Foden at a crossroads
Phil Foden’s story feels strangely parallel to City’s season: dazzling at times, stuttering at others, and now at a crossroads.
Two years ago, he was the best player in the league. He lit up the first half of this campaign as well, then the form vanished. He has not started a Premier League match in more than two months. Every week he spends on the bench nudges him further from Thomas Tuchel’s England squad for the World Cup.
The club’s faith remains unwavering. A new long-term contract ties the academy graduate to City into the next decade. Guardiola has used him regularly from the bench and has held talks with him, urging him to focus on what he does best.
The message is clear: the talent is not in question. The impact is. Nights like this are where that can change.
Youth, pressure and what comes next
Beyond the first team, City’s academy has felt its own growing pains.
Sverre Nypan, signed from Rosenborg in a £12.5million deal amid interest from Europe’s elite, has endured a difficult first year. A loan to Middlesbrough in the Championship fizzled out, sending him back to Manchester early. He now trains with the seniors but plays for the Under-21s, a talent in limbo with a pivotal summer ahead.

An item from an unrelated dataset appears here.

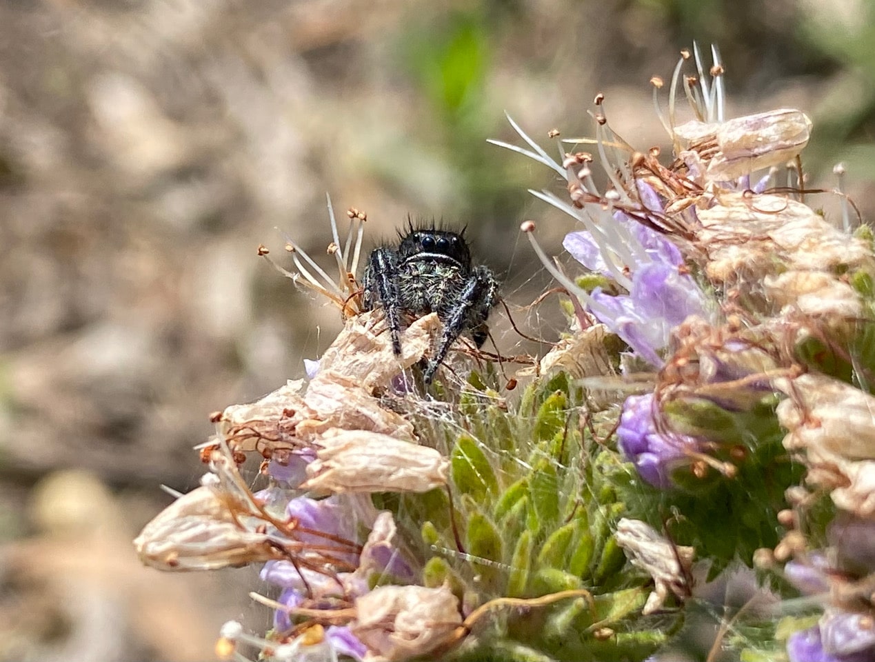 A huge female Red-backed Jumping Spider, Phidippus johnsoni (family Salticidae) is sitting on the edge of a California Phacelia inflorescence. (Males of the species have a plain red abdomen.) Judging from the profusion of silk lines criss-crossing the spot, she must have been busy hunting from here.

That Under-21 campaign ended on Friday with a 4-3 defeat to Manchester United in the Premier League 2 play-off semi-final at the Joie Stadium. Floyd Samba scored inside three minutes, only for United to hit three goals in 15 minutes before the break and stretch the lead to 4-1. Sangare pulled one back, Samba added another to set up a frantic finale, but the comeback fell short.

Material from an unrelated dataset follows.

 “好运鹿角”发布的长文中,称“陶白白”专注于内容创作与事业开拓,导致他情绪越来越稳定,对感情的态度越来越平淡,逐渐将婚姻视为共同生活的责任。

The clubs meet again on Thursday in the FA Youth Cup final at Under-18 level, also at the Joie Stadium. City, already crowned league champions ahead of United, lost 5-3 at Everton in their final league outing after leading 2-0 at half-time. Teddie Lamb scored both early goals, Finley Gorman added another, then Everton ripped through them with five goals in 18 second-half minutes.
From academy to first team, the lesson is the same: switch off, and you get punished.
Under the lights, with no safety net
As kick-off approaches, the rain that lashed Manchester earlier in the day has eased to something gentler. The pitch glistens. Both teams run through their final drills. The Etihad settles into that familiar low hum of anticipation.
Guardiola cannot lean on Rodri. He has to trust Ake after months out. He has to hope Reijnders’ adventure does not leave his defence exposed. He has to believe that Donnarumma’s feet will be as sure as his hands, that Haaland will be ruthless, that Foden – whether from the start or the bench – can rediscover the spark that once made him the league’s standout player.
Brentford arrive with their own dreams, their own pressure, their own striker chasing down Haaland’s shadow.
The banner in the family stand says it plainly: “We fight until the end.” Tonight will reveal whether City still truly believe it – and whether that belief is enough to drag this title race all the way to the final day.